RECORDED DATA:
* * * *
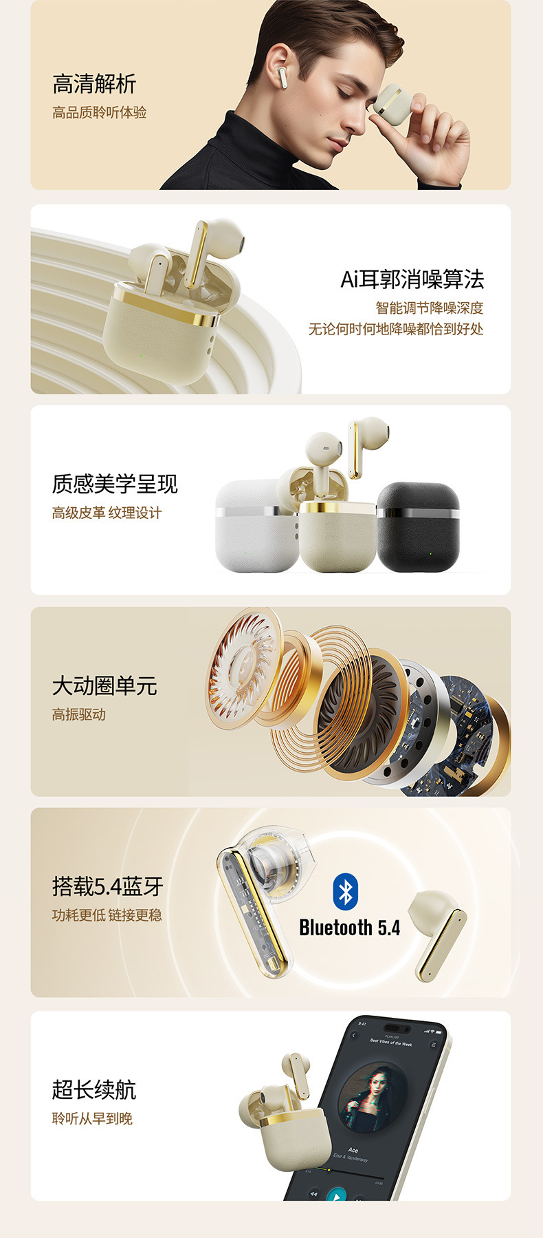 • Q52 스킨 컬러 [가죽 패턴 진정한 무선 블루투스 헤드셋]
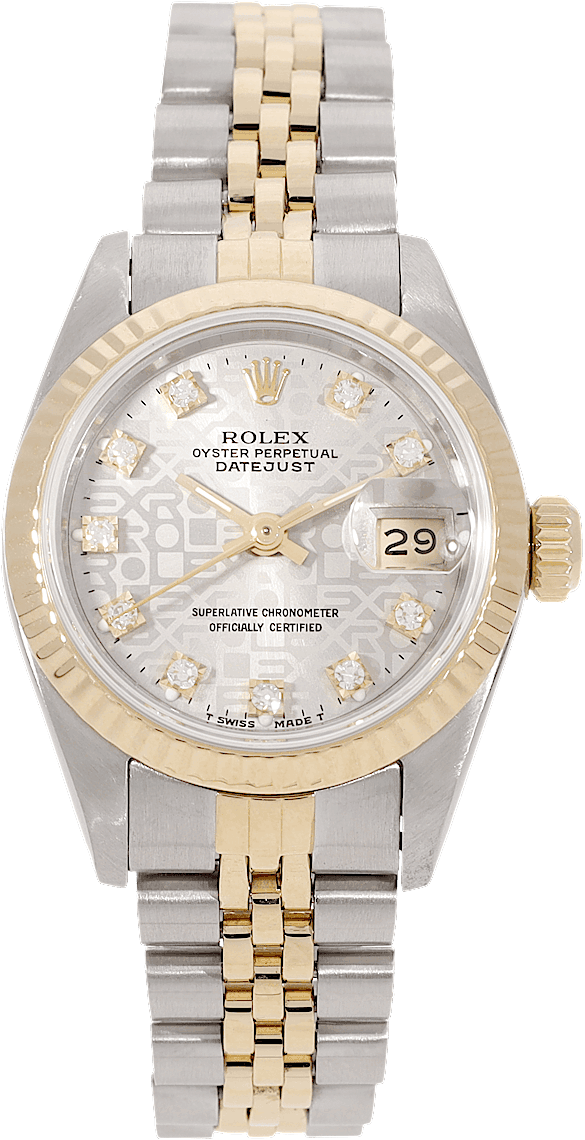 Rolex Datejust 26, Reference: 69173, Gender: Female, Size: 31mm, Dial color: Grey, Strap material: Stainless Steel Yellow Gold, Movement: Automatic, Year: 1997, Condition: Previously worn with some signs of usage. The movement is flawless and the case has been cleaned. watch tested to ensure full functionality. An inspection by our certified watchmakers guarantees its authenticity., Documents: Original papers, CHRONEXT Certificate
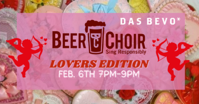 Grab your beer loving, lovers and friends! If you’ve never been to Beer Choir it’s not a performance, but a social singing experience open to all no talent required! Grab a beer and a bite and we’ll lead you through a couple hours of hilarious drinking songs and games. Bar and kitchen open at 5, singing starts at 7. FREE admission. Prost!
* * * *
TASK DIRECTIONS:
Every line above is to be repeated exactly, but no picture is to appear in the copy.

RESPONSE AREA:
 • Q52 스킨 컬러 [가죽 패턴 진정한 무선 블루투스 헤드셋]
 Rolex Datejust 26, Reference: 69173, Gender: Female, Size: 31mm, Dial color: Grey, Strap material: Stainless Steel Yellow Gold, Movement: Automatic, Year: 1997, Condition: Previously worn with some signs of usage. The movement is flawless and the case has been cleaned. watch tested to ensure full functionality. An inspection by our certified watchmakers guarantees its authenticity., Documents: Original papers, CHRONEXT Certificate
 Grab your beer loving, lovers and friends! If you’ve never been to Beer Choir it’s not a performance, but a social singing experience open to all no talent required! Grab a beer and a bite and we’ll lead you through a couple hours of hilarious drinking songs and games. Bar and kitchen open at 5, singing starts at 7. FREE admission. Prost!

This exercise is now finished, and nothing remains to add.